[Listed entries]
#####
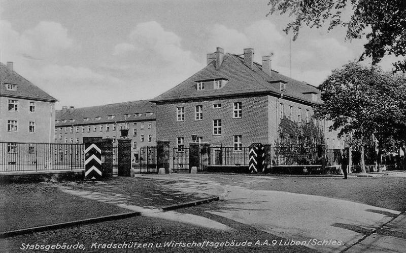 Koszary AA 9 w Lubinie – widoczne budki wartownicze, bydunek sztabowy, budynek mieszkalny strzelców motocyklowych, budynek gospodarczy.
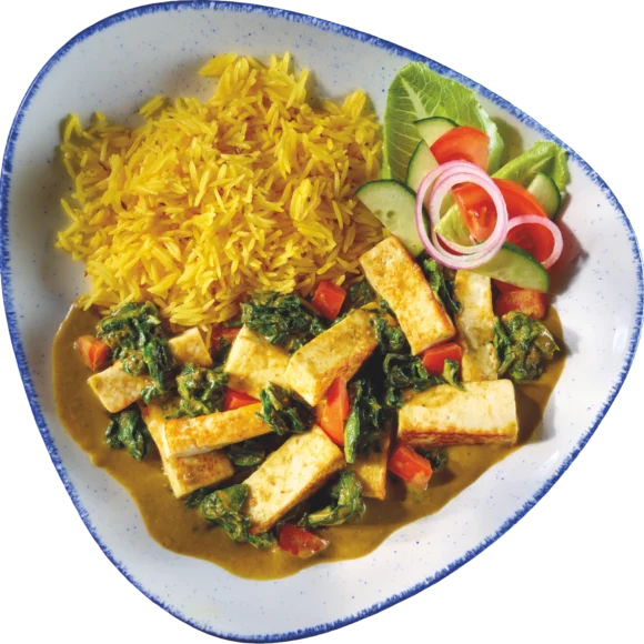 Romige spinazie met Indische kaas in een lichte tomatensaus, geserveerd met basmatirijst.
#####
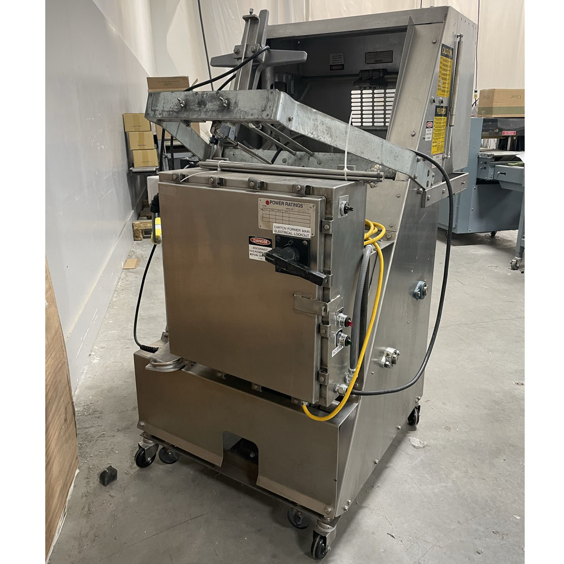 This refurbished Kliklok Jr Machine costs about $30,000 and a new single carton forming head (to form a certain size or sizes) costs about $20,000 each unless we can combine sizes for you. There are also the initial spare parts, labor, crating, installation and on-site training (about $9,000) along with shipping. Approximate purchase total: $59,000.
#####
[Problem description]
Out of the records above, set down only the lines from the one that contains "Koszary AA 9" through the one that contains "Romige spinazie met", unchanged and without the pictures.

[Response to this task]
 Koszary AA 9 w Lubinie – widoczne budki wartownicze, bydunek sztabowy, budynek mieszkalny strzelców motocyklowych, budynek gospodarczy.
 Romige spinazie met Indische kaas in een lichte tomatensaus, geserveerd met basmatirijst.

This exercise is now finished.